Cluttons release their Abu Dhabi First Quarter Property Market Update, today at Cityscape Abu Dhabi

Press release
Published April 22nd, 2012 - 06:04 GMT

Cluttons, the real estate specialist that has enjoyed a dedicated Middle Eastern presence since 1976, today announces its Q1 market report for Abu Dhabi’s commercial market 2012. Abu Dhabi Executive Council announced the resumption of many previously stalled projects including the long-awaited Louvre and Guggenheim museums on Saadiyat Island, and the new terminal for Abu Dhabi International Airport.

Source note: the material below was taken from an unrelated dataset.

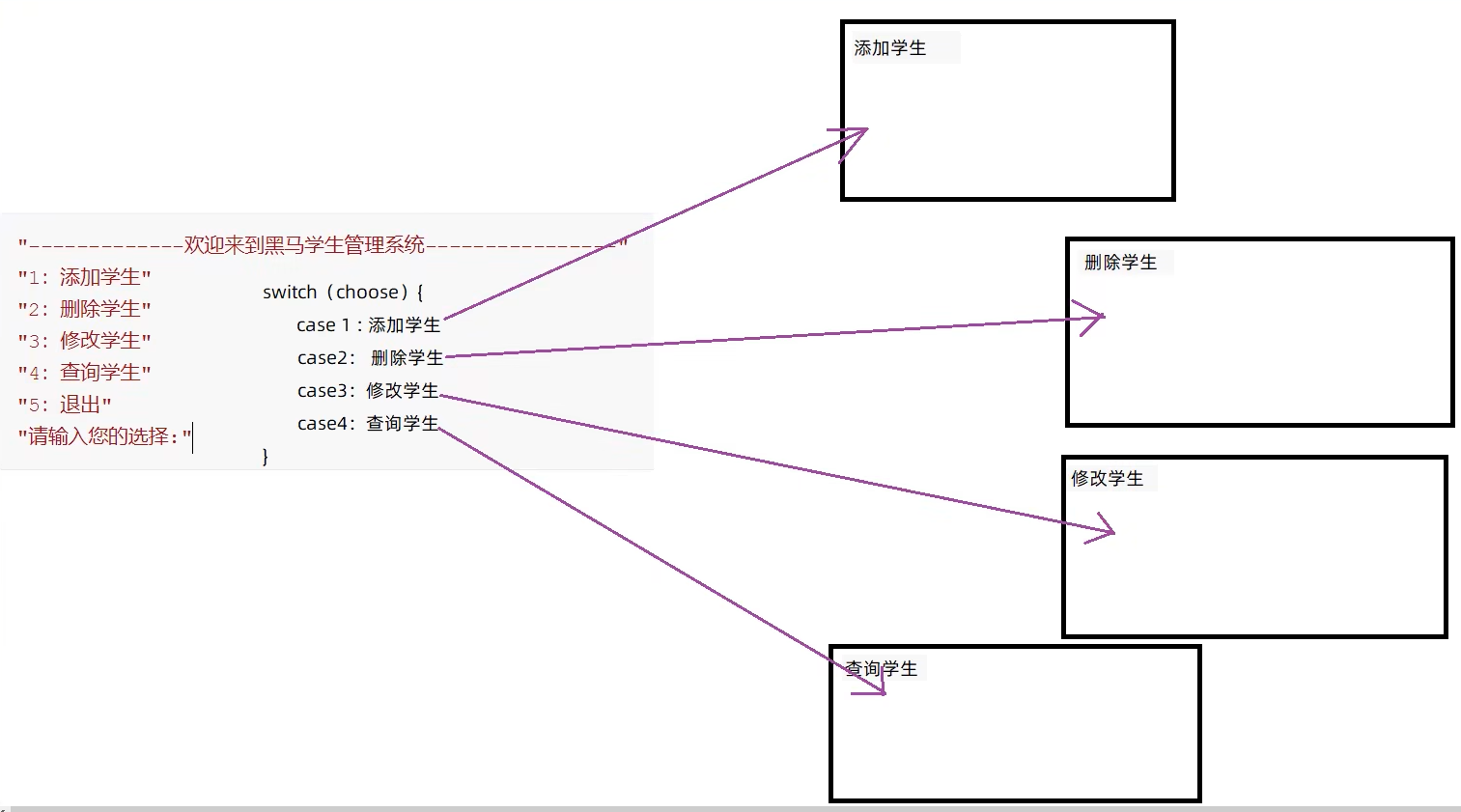 该系统分四部分内容:添加、删除、修改、查询,可以用一个选择语句来选择需要执行哪一部分,每一部分的具体执行单独用方法来写

This promises a positive outlook FOR 2012 as major developers like Aldar and Sorouh post improved profits for 2011. Sorouh ended the year AED 383 million in profit, up from AED16.1 million in 2010. Aldar also posted significant profits of AED 642.5 million.

The capital has also seen a shift in the way residential landlords do business, as proactive landlords have started approaching brokers to let their residential properties. Developers are also retaining brokers and paying agents commissions as an incentive to lease their properties. Residential sales have seen a drop across the board, and rents have continued to fall slightly. However, prime apartments are continuing to let well. Abu Dhabi Island has been attracting strong interest as it became more affordable. Apartments on the St Regis development on Saadiyat Island are also proving popular. The short supply of retail facilities at many of the new residential developments is slowly being addressed at some developments such as Marina Square, but is still an issue for many projects.

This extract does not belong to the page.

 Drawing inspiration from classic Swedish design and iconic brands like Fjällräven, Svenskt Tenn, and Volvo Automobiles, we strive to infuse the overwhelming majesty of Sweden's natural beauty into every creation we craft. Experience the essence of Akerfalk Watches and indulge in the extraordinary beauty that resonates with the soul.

Several high quality key commercial projects came online in the last half of 2011 including Etihad Tower, Sowwah Square, Capital Gate and Aldar HQ, raising the bar for commercial space in the city. The office sector received a boost from the municipality’s announcement that it would no longer issue permits for residential villas to be used for commercial purposes. This forced many companies to move to purpose built commercial space, with Prime Grade A office space proving the most popular, in particular Sowwah Square which has been successful at attracting both new tenants and those relocating. Very few landlords are seeking to achieve rents above AED 2,000 per sq m per annum in 2012. New build quality stock is coming to the market at AED 1,400- 1,600 per sq m per annum. A further fall in commercial rents across most submarkets throughout 2012 is likely, with the exception of Prime Grade A space, bringing rents down to more realistic levels. Greater flexibility and incentives will be important and rents should stabilise by the end of 2012.

Cluttons anticipates that 2012 will prove challenging for the Abu Dhabi residential market as more stock comes onto the market, including the Al Rayanna project which will release 1800 apartments this year and the Al Reef Downtown which will release 1500 apartments. Apartment rental values have dropped between 6% and 10% on some projects and will continue to soften throughout 2012. However, demand for residential property still remains strong and the recent announcements by the government to resume landmark projects, and major companies posting significant profits has had a positive effect on expectation in general and should continue to reenergise the economy throughout the year.